TASK REQUIREMENTS: Using the data below, report how many lines hold the word "with". Include nothing else in the reply.
───── GIVEN DATA ─────
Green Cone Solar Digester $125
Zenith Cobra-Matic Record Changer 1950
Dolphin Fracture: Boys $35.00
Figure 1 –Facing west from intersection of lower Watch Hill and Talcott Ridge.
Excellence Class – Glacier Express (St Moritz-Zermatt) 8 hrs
─────
───── GIVEN DATA ─────
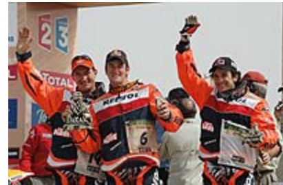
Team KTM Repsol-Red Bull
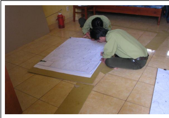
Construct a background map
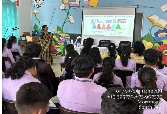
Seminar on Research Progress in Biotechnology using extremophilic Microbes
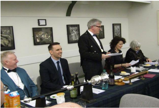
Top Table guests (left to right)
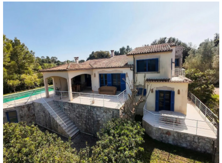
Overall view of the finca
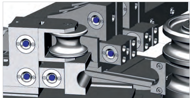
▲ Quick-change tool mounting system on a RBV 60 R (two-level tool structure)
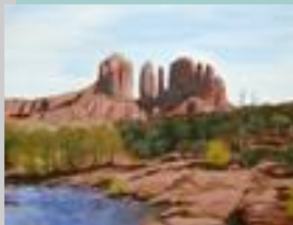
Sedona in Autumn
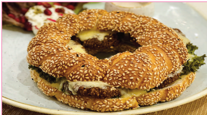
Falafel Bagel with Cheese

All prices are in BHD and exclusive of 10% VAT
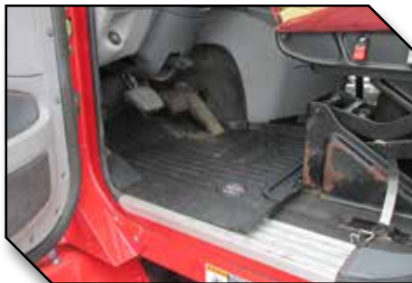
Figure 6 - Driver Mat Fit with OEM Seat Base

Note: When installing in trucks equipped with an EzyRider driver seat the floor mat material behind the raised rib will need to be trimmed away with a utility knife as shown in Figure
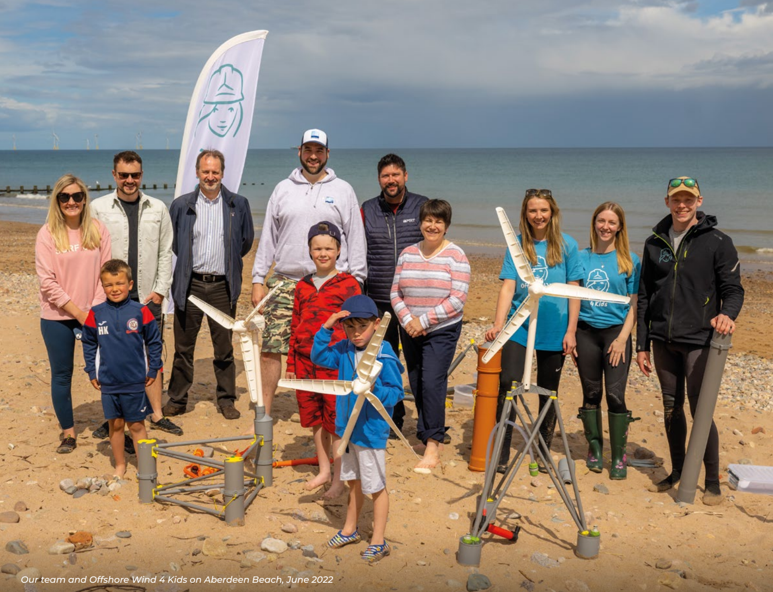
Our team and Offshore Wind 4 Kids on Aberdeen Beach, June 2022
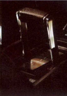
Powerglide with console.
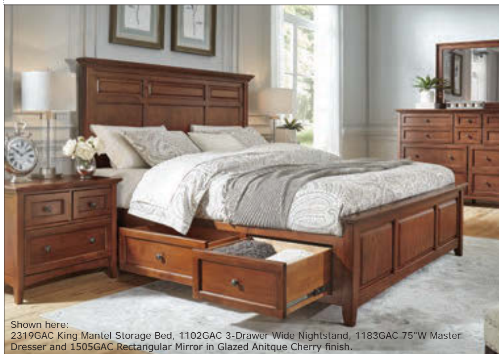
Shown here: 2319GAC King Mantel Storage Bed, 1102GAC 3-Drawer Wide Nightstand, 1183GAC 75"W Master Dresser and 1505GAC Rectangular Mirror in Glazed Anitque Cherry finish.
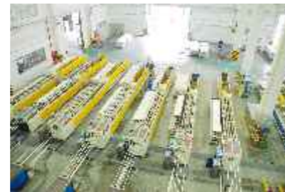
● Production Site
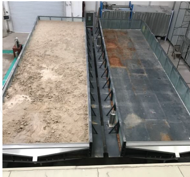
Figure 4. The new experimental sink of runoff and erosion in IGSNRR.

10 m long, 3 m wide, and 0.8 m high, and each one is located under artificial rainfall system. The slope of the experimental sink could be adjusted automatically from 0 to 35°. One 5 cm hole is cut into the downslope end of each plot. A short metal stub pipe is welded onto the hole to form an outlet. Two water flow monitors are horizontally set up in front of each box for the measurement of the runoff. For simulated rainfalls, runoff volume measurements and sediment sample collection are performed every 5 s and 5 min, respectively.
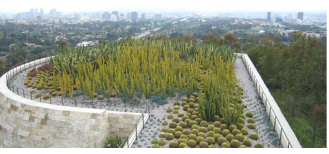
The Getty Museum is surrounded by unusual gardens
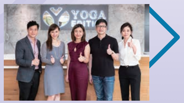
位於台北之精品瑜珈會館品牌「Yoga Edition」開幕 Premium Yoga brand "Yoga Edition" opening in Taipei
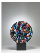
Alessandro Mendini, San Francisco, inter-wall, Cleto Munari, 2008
─────
EXERCISE ANSWER: 4